Except parents of course. Japanese children have picked up on this whole Santa thing and by God they expect him in. Those who have out-grown Santa aren't about to take any excuses for lack of presents either. This leads to the familiar battle in the toy store to get THE gift that has been demanded by your beloved children. And yes, it is a war.
You can tell the veterans, the fathers (It's always the fathers. Mothers are usually busy tending to the kids and making dinner so when I do my Christmas shopping for the boys, Toys R Us is filled with a crowd of guys, all of us sharing three things: 1. From our dress we obviously just got off of work. 2. We've been prodded by our beloved partners to go get that whatever instead of heading home to relax. 3. We want to get our present and get out of there as quickly as possible) who have been through this before. We are battle scarred, in our eyes you can see the hard stare of a campaigner who will let nothing and nobody stand between him and the toy that will make his child(ren)s life complete this Christmas. There's an economy of movement, the hard earned knowledge of knowing where this toy is located in Toys R Us, how to get it and get out with the minimum fuss and God help the fool who gets in their way.
You can also tell the new parents, the ones whom this will be their first battle of the toys, they are the ones who have a worried expression on their faces, the ones who waffle in front of the display, hesitating on which toy is the best one for their child.

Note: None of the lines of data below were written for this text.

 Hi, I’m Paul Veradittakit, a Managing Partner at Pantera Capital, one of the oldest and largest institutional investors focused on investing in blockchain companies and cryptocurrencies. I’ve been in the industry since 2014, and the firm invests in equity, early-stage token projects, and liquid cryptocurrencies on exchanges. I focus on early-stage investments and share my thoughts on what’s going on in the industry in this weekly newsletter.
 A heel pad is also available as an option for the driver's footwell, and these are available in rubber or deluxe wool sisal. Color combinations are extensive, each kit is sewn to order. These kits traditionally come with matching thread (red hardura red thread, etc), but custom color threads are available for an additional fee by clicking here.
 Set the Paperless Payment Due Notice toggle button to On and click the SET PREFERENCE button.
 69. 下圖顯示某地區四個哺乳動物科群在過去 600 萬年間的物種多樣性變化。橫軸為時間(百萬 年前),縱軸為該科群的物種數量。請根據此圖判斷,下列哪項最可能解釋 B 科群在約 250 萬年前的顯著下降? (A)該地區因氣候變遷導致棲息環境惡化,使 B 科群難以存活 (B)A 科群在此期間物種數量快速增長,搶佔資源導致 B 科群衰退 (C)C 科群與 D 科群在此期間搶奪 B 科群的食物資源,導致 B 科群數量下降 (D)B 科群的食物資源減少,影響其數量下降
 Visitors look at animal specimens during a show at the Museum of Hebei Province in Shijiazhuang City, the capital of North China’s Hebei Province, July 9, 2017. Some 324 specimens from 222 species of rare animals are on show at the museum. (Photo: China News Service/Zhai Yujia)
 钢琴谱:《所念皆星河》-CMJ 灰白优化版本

They read all the labels, agonizing over their choices. They also usually have track-marks down their back from where they were run over by a veteran.

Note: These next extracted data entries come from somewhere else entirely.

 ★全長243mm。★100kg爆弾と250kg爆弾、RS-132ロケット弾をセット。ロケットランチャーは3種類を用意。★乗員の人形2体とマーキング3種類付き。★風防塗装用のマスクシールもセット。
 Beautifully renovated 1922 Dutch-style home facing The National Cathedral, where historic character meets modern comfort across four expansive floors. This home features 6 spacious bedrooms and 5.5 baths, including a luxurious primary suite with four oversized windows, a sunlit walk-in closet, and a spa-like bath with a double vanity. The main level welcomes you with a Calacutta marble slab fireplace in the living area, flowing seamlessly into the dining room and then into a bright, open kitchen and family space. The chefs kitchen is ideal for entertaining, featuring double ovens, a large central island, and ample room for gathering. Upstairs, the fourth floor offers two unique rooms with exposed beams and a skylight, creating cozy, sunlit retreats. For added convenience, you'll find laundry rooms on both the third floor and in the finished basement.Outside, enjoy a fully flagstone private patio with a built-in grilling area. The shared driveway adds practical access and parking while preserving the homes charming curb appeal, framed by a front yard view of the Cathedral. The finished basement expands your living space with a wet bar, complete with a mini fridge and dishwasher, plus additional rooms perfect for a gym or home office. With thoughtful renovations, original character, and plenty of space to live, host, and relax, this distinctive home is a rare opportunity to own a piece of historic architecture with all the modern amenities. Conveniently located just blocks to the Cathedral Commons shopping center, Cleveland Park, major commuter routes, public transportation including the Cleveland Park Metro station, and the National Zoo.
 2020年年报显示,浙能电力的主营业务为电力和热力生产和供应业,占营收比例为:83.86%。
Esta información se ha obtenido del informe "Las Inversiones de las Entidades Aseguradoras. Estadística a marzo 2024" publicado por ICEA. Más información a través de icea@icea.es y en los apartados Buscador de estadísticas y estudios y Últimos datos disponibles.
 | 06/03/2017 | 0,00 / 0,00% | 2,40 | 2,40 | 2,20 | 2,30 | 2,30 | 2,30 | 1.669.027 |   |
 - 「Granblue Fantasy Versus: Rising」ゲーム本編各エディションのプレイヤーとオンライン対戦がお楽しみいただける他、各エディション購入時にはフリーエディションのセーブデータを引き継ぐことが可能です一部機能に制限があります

This year was no exception, for me. I knew what I wanted, having the foresight to get Makoto to 'draft' his letter to Santa, which I then stole (I mean the draft, Makoto's actual letter got mailed off) which meant I had a pretty nice list to go off of in terms of toys that they wanted and the ones that they actually asked Santa for (So Santa can come through). I knew where those toys where, how to get to them, and was in and out in less than 30 minutes with a shopping cart full of gifts and stocking stuffers.
The only thing that threw me was Beloved's request at the last minute that I get a pair of boots for Hikaru since I had to find the right size and style.
The second front on the War on Christmas is the yearly battle to get my wife to tell me what she wants for Christmas.
And yes, this IS a battle. Every. Single. Year. Every year I ask to get some ideas and every year it's "I don't know, give me more time." and thus I wait and watch as the calendar advances. I beg, I plead, I threaten to unleash her sons with 2,000 yen (About $20) in a store and let them buy her gift (Hope she likes GoBusters!), I threaten to go to Don Quixote (A Japanese version of Spencer's Gifts) and get her a "Happy Evening" gift pack (I'm sure you can fill in just what might be in that yourself). I withhold Christmas cookies and still I get nothing.
Or coffee. Every year, driven to distraction, she finally announces she just wants coffee beans.
Now the problem with this is that a. Coffee is hardly a present, it's something you get at the grocery store. Also, since she has a mother and sister-in-law who also are demanding gift ideas for her, I tell them coffee. We don't need 10 pounds of it, we don't drink THAT much coffee! So around and around we go with me demanding and Beloved stating coffee till finally she'll come up with something.
A wall heater you say, as I did?
Yes, she wants a wall heater. Why? To make sure that the laundry room doesn't freeze. Of course, we already have one and it's not for her, it's for the house. so, no.
Finally, three days before Christmas, she finally comes up with an idea. I need to take her to the shoe store to get some half boots. Ah, thinks I, not too bad... Until she zeros in on a pair that, yes are beautiful, yes, look good on her, yes, are what she wants, but are also a bit pricey.
But this is what she wants, this or coffee.
I might have won the battle of the toy store but think I lost the war.